Tre specie, un arcipelago: l’enigma evolutivo delle iguane terrestri delle Galápagos

Un gruppo di scienziati guidati dai ricercatori del dipartimento di biologia dell’Università di Roma Tor Vergata gettano nuova luce sulla storia biogeografica e sullo stato di conservazione delle tre specie di iguane di terra delle Galápagos
Se qualche tempo fa ci eravamo occupati dell’intricata storia evolutiva delle testuggini giganti dell’isola di San Cristobal, isola della parte orientale dell’arcipelago, oggi il mistero da risolvere è quello delle iguane delle Galápagos, appartenenti a due generi, Conolophus e Amblyrhynchus, che popolano quasi tutto il resto di questo straordinario arcipelago.
Tre iguane terrestri, di cui una rosa
Nelle Galápagos, a parte l’iguana marina Amblyrhynchus cristatus, troviamo ben tre specie di iguane terrestri: C. subcristatus, la specie più diffusa; C. pallidus, che è possibile trovare solo sulla piccola isola di Santa Fe; e C. marthae, la rarissima iguana rosa, osservabile solo in una piccola porzione settentrionale dell’isola di Isabela, esclusivamente in cima a un vulcano.

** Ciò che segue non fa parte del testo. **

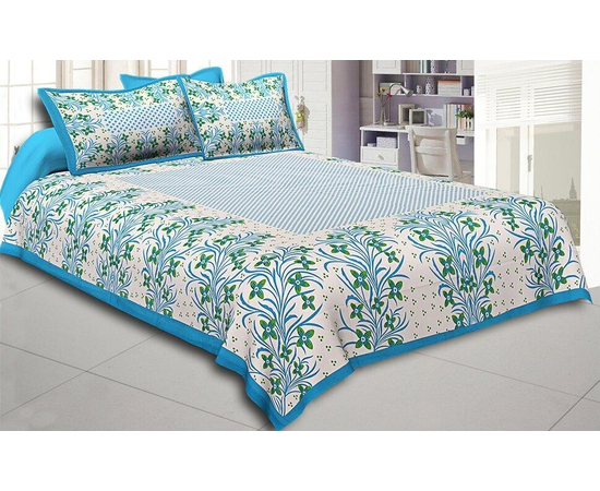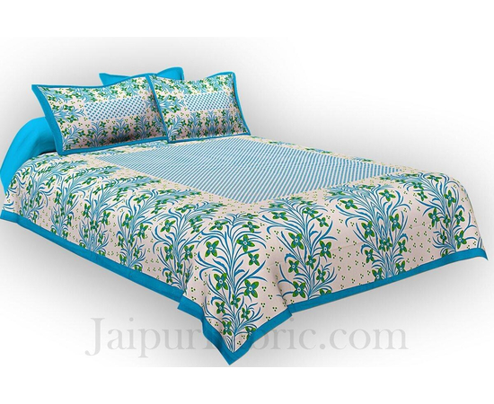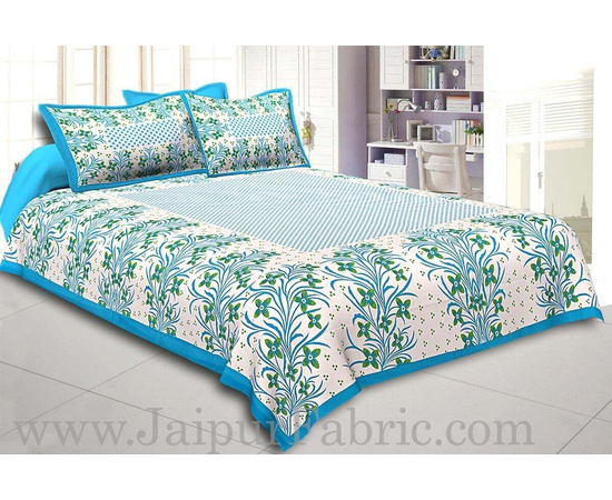 Firozi Border White Base Green Flower and Leaf Pattern Cotton Double Bedsheet Handmade Bedspread | Handmade Cotton Flat Sheets Bed sheets Bedlinen Double King size
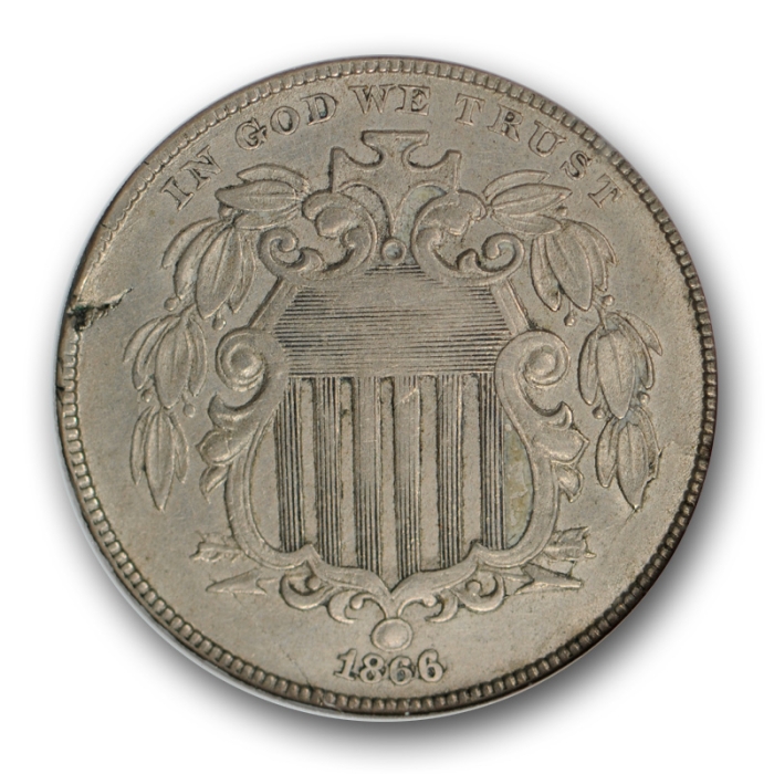 Description / 1866/1866 5C Rays RPD FS 301 Shield Nickel ANACS XF 40 Repunced Date !
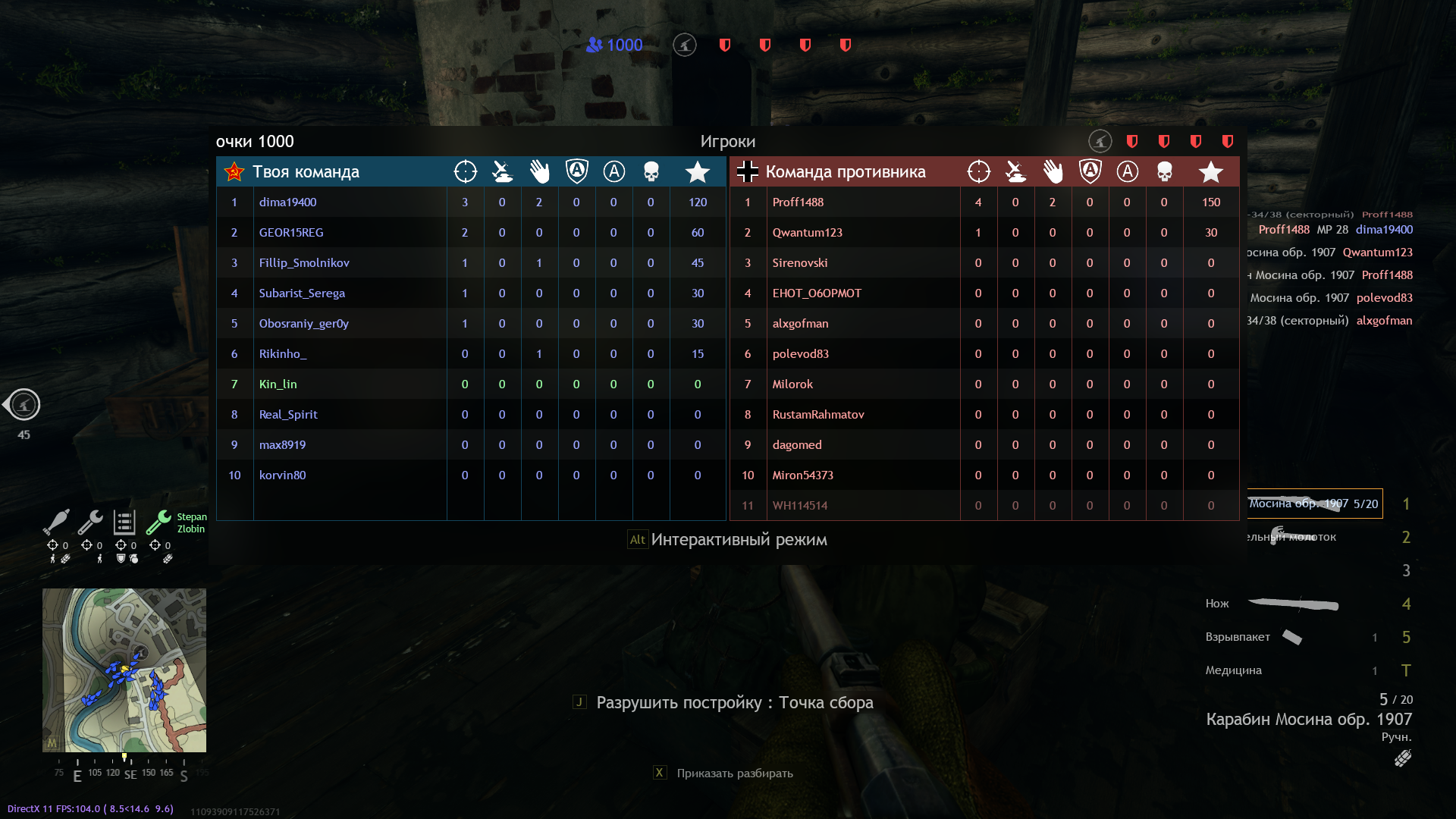 Результаты не заскринил, но я на первом месте со счётов отрыве, но не смотря на это, но каких-либо бонусов получено не было за респы и пополнения припасов.
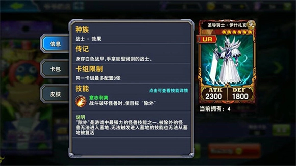 城之内的怪兽初始攻击数值普遍偏高,在4星怪兽里有两张1800攻和两张1700攻的卡;而他的6星怪兽扎克不仅有2300的高攻击力,技能效果也相当强力,在三个可选角色中表现尤为突出,因此前期能轻松占据较大优势。更关键的是,他的卡组运作起来很少会出现卡手的情况。另外,城之内的卡组中还包含黑龙卡牌,一旦集齐组成完整的黑龙卡组,后期在提升段位方面也有着极强的实力。
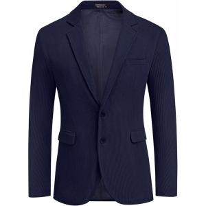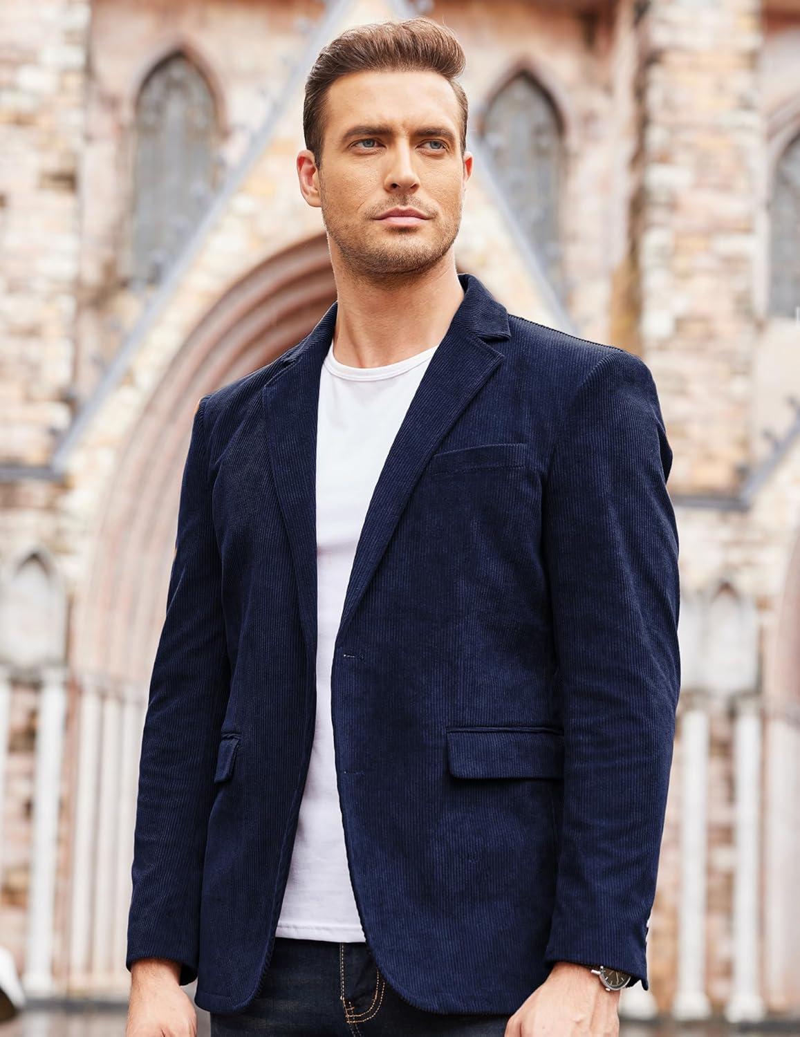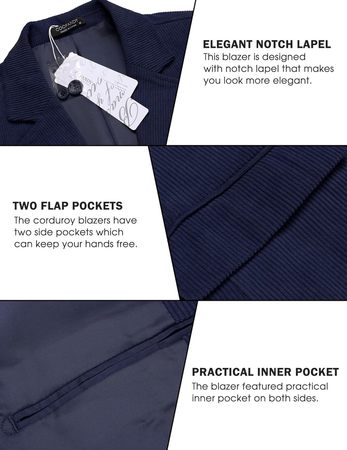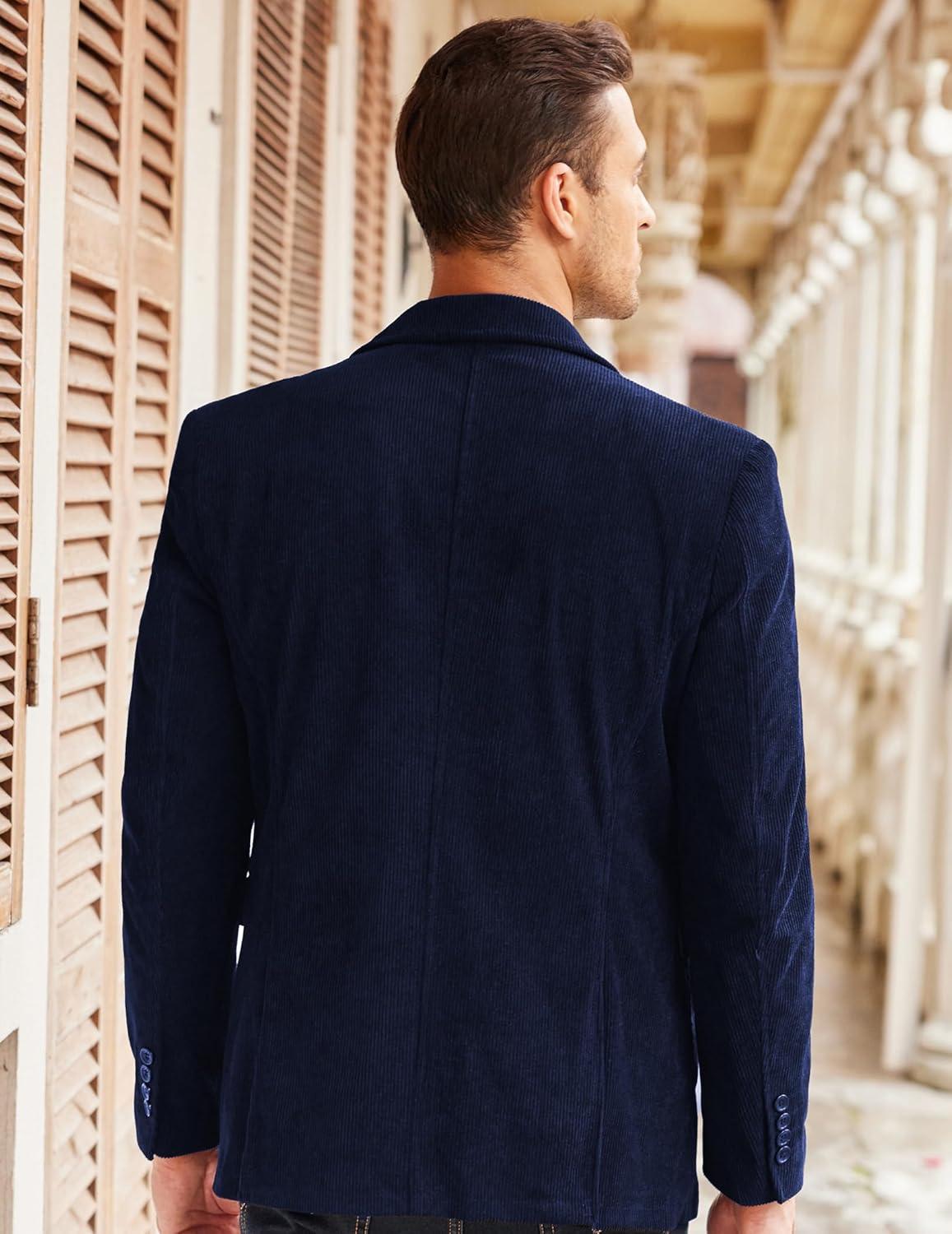 COOFADNY Men’s Casual Corduroy Blazer Classic Fit Two Button Sport Coat Fashion Notch Lapel Blazer Jacket(Dark Blue)
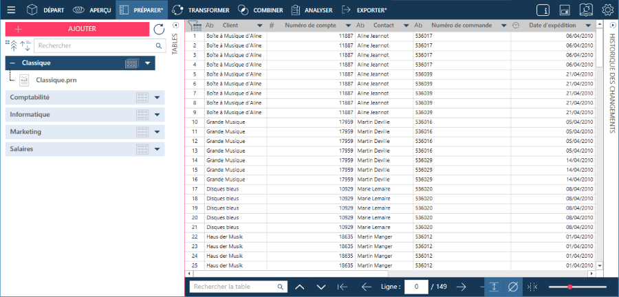 Les Monarch Data Prep Studiodonnées extraites d’un état sont consignées dans une table de base de données que vous pouvez consulter et manipuler dans la fenêtre Préparer de Monarch Data Prep Studio. Ce tableau se compose de lignes et de colonnes de données : chaque ligne représente un enregistrement de base de données et chaque colonne, un champ.
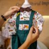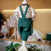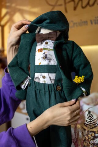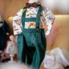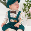 Perfect pentru ocazii deosebite precum botezuri sau petreceri de moț acest costum va ieși în evidență cu bretelele regalbile, nasturii de lemn și aspectul creativ.
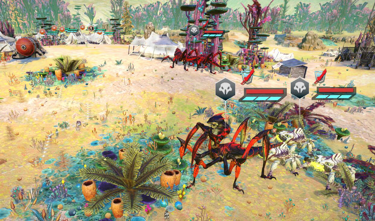 军事研究还可以让根据玩家的种族学到截然不同的“战术”,战术就是指挥官的“技能”,在经过一回合的准备后 玩家可以耗费战术点来释放足够改变战局的强力技能,例如虫族可以投放一个生化药剂来腐蚀对手的护甲,并让他们减速,这样己方的远程兵种就可以高枕无忧的尽情输出。随着军事科技树的发展,玩家将获得愈发强力的战术。
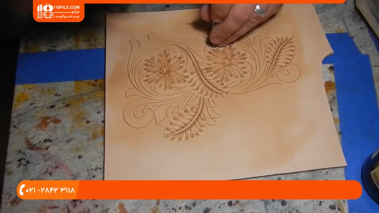 حکاکی روی چرم|حکاکی با هویه( حکاکی و سایه زنی طرح گل) و گلبرگ پارت
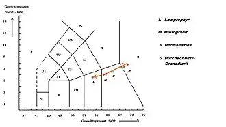 Formellement, les roches du massif se présentent comme de la granodiorite dans le diagramme QAPF mais sont à proximité immédiate du champ de granite. Chimiquement ce sont des granites — pour être plus précis ce sont des adamellites —. Or, dans le diagramme TAS, ils représentent des rhyolites.
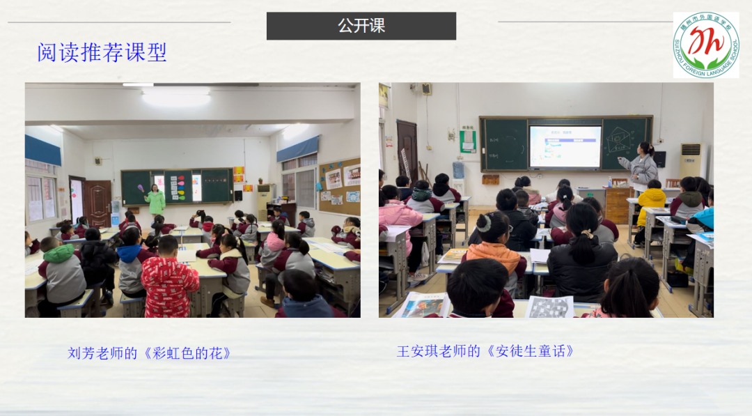 在语文组公开课展示中,阅读推荐课型有刘芳老师的《彩虹色的花》和王安琪老师的《安徒生童话》。
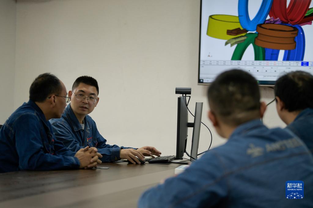 11月21日,在攀鋼釩軌梁廠(chǎng),呂攀峰(左二)與團隊成員利用仿真軟件對新產(chǎn)品設計情況進(jìn)行分析。

Esatto, avete letto bene: un’iguana rosa.
Le Galápagos, lo aveva già capito Darwin, sono isole speciali, e se proprio deve esistere un’iguana rosa, non poteva che essere qui. Chissà se però il naturalista britannico si è interrogato sulla storia biogeografica di queste specie, una storia che tuttora è fortemente permeata da dubbi. Per esempio, C. pallidus è da considerarsi una specie a sé, endemica dell’isola di Santa Fe, oppure fa parte della più diffusa C. subcristatus? E come e perché la straordinaria iguana rosa è limitata a una sola porzione a nord dell’isola di Isabela?
Un’indagine evolutiva tra geologia e genetica
A queste domande ha tentato di rispondere un team di scienziati di diversi paesi guidati da ricercatori del Dipartimento di Biologia dell’Università degli Studi di Roma Tor Vergata. I risultati della ricerca sono stati pubblicati sulla rivista Molecular Phylogenetics and Evolution.
Innanzitutto vi è una difficoltà non di poco conto. Sull’isola non sono stati ancora trovati fossili utili alla calibrazione della filogenesi di questi animali. La natura vulcanica e quindi estremamente dinamica di questo arcipelago ne rende difficile la preservazione. Si potrebbe volgere lo sguardo ai fossili degli antenati delle iguane delle Galápagos, ma più ci si allontana nel tempo e più questi dati perdono di funzionalità nel delineare gli snodi del passato recente di queste specie.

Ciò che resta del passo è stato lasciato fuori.